Any opinions expressed in this article do not necessarily reflect those of the team.
After dropping its season opener against the Los Angeles Chargers, the Washington Football Team has a chance to bounce back with a Thursday night NFC East game against the New York Giants. Here are three keys to the matchup, presented by Van Metre.
1. Keep Daniel Jones in the pocket
Daniel Jones tends to play well against Washington; in fact, four of his eight career wins have come against the burgundy and gold. Ron Rivera gave one reason why he's been so successful: his ability as a runner.
"He's a dynamic runner," Rivera said. "He's a quarterback that can take advantage of that."
Jones has had varying degrees of success scrambling against Washington. He did the most damage in Week 6 last season, when he had seven carries for 74 yards. Over the past three years, Jones has 729 yards on 116 carries.
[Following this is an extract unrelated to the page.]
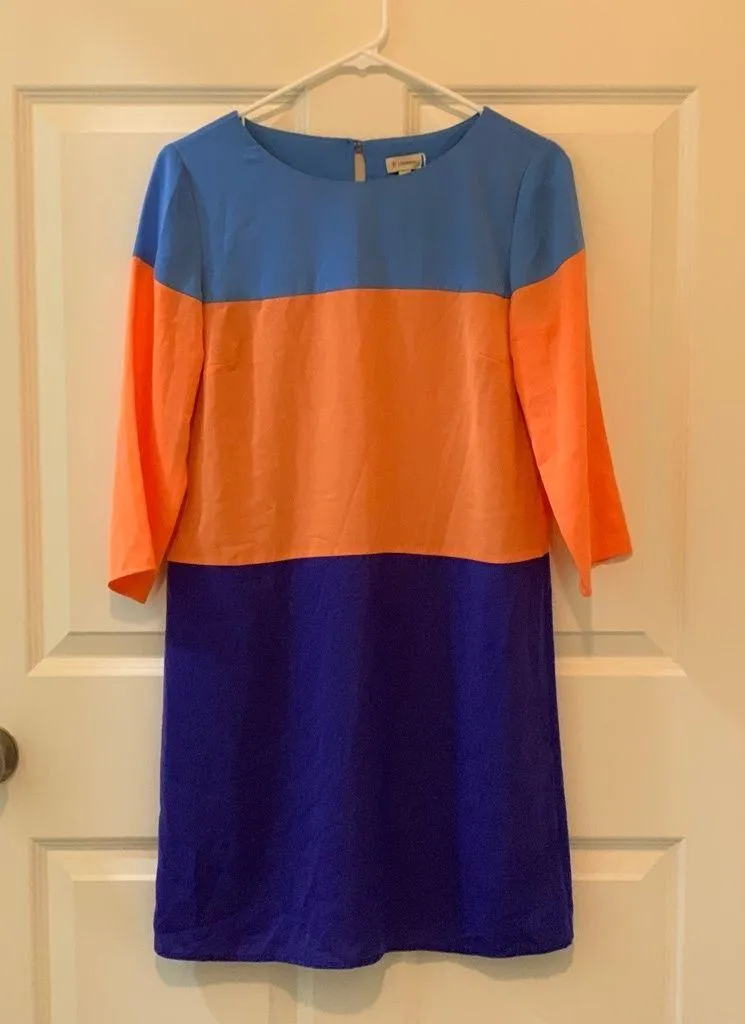 Preowned and in good condition! Chic 3/4 sleeve dress with bold blue and orange blocks.knee length.I... Show more

One of Washington's priorities, Rivera said, will be to keep Jones in the pocket. The Giants were among the worst at protecting their quarterback with 50 sacks in 2020, which was tied with Washington for the second-most in the league. They allowed two against the Denver Broncos, and if Washington's defensive line is able to take away one part of Jones' game, it'll make the secondary's job much easier.
2. Contain Saquon Barkley
Saquon Barkley is returning from a torn ACL sustained in Week 2 last season. He put up pedestrian numbers against the Broncos -- 10 carries for 26 yards -- but he has a history of giving standout performances at FedExField.
Barkley has played two games at Washington's stadium, and each time he racked up at least 170 yards. The last time he was at FedExField, which came during the 2019 season, he rushed for 189 yard and a touchdown in a 41-35 win. If Washington hopes to get its first win of the season, it cannot allow Barkley to put up similar numbers.
Washington was around the middle of the league last year against the rush, allowing 113 yards per game, but the defense did have its positive moments. In its Thanksgiving matchup against the Dallas Cowboys, it limited Ezekiel Elliott to just 32 yards, and the Chargers' Austin Ekeler was held to 57.
Barkley was listed as "questionable" on the final injury report, but being able to stymie one of the best running backs in the league would be a big confidence boost for Washington's defense.
3. Get playmakers involved early
On paper, Washington has the weapons to put together a strong showing against the Giants' 23rd-ranked defense. Terry McLaurin, Logan Thomas, Antonio Gibson and others are all at Taylor Heinicke's disposal. The key will be getting the ball in their hands.
There were moments when all of Washington's key offensive playmakers flashed against the Chargers. McLaurin's 37-yard catch was one of the most outstanding moments in Week 1; Thomas's 11-yard grab put Washington up by three in the third quarter; and Gibson recorded 108 total yards, including 90 on the ground.
Those moments were not enough to give Washington a permanent lead, as the offense had just 259 yards with a minuscule 15 first downs. McLaurin and Thomas made all their catches, although they combined for just seven targets.
Washington's offense showed at certain points that it has the capabilities of being a more dynamic offense. It just needs more of those plays earlier in the game. Even though three of Washington's first five drives ended with points, the offense only averaged 26.6 yards per series.
With a challenge coming from Rivera to limit mistakes in Week 2, the hope is that Washington will be much more explosive in its division matchup.